Problem = Transcribe the stretch of entries below from the line with "Will Taylor Swift" through the line with "Next to the", exactly and with both ends included; leave out all other lines.
*** Available records ***
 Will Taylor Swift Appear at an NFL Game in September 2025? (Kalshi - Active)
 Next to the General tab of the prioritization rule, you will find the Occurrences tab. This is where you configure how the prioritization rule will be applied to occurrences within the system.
*** End of Available records ***
*** Available records ***
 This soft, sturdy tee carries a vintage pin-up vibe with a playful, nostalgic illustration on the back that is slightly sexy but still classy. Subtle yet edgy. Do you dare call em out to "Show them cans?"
*** End of Available records ***
*** Available records ***
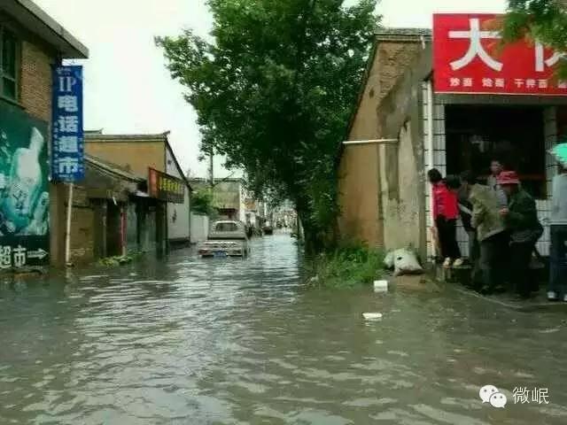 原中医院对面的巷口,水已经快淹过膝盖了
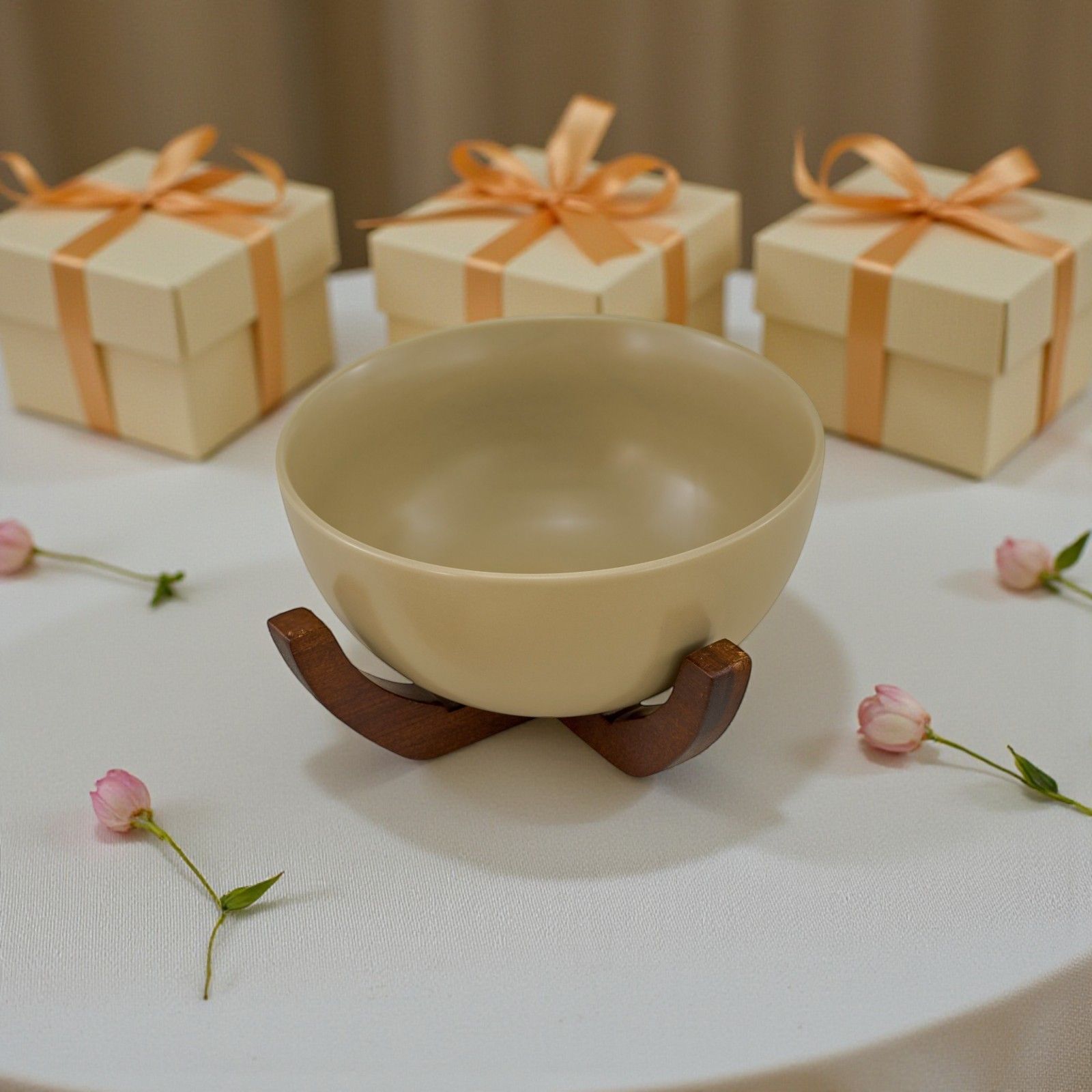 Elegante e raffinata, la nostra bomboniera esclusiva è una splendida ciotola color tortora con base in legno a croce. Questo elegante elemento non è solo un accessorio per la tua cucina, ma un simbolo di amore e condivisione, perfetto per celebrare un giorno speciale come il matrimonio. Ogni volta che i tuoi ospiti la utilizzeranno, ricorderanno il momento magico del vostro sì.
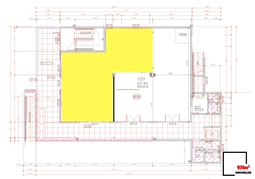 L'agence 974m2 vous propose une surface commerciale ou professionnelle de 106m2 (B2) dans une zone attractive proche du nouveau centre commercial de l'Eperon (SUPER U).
*** End of Available records ***
The completed task =
 Will Taylor Swift Appear at an NFL Game in September 2025? (Kalshi - Active)
 Next to the General tab of the prioritization rule, you will find the Occurrences tab. This is where you configure how the prioritization rule will be applied to occurrences within the system.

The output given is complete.